Dan Robinson, sitting on his sister’s other side, joined in. “It’s rather like the banking bill I’m proposing in Parliament, which would oblige banks to take out insurance for the benefit of small depositors.”

“I know of it,” the governor said.

Dan went on: “Some critics say it would encourage bankruptcy by making it less painful. But that’s nonsense. No banker would want to fail, under any circumstances.”

“Indeed not.”

“When a banker is making a deal he does not think that he may make a widow in Bournemouth penniless by his rashness—he worries about his own wealth. Similarly, making illegitimate children suffer does nothing to discourage unscrupulous men from seducing servant girls.”

“I do see your point,” the governor said with a pained expression. “A most … ah … original parallel.”

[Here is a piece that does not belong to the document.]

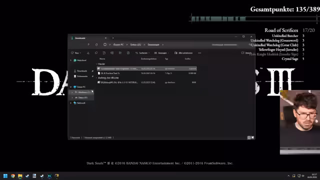 00:00:06Der Stream beginnt mit dem Einstieg in ein Dark Souls 3-Spiel. Der Streamer ist unsicher über die aktuelle Waffenausrüstung und stellt fest, dass seine vorhandenen Waffen zu wenig Schaden anrichten. Nach anfänglicher Orientierung in der Spielwelt und dem Auffinden eines Tors entscheidet er sich, direkt zum Boss Pontiff Sulyvahn zu gehen. Am Ende des Textabschnitts wird das technische Problem deutlich, dass er beim Start des Streams noch keinen Deathless-Run im Practice Tool-Modus konfiguriert hat.

Maisie decided they had tormented him enough, and turned away, letting him concentrate on his grouse.

Dan said to her: “Have you ever noticed how peerages always go to the wrong people? Look at Hugh and his cousin Edward. Hugh is honest, talented and hardworking, where Edward is foolish, lazy and worthless—yet Edward is the earl of Whitehaven and Hugh is just plain Mr. Pilaster.”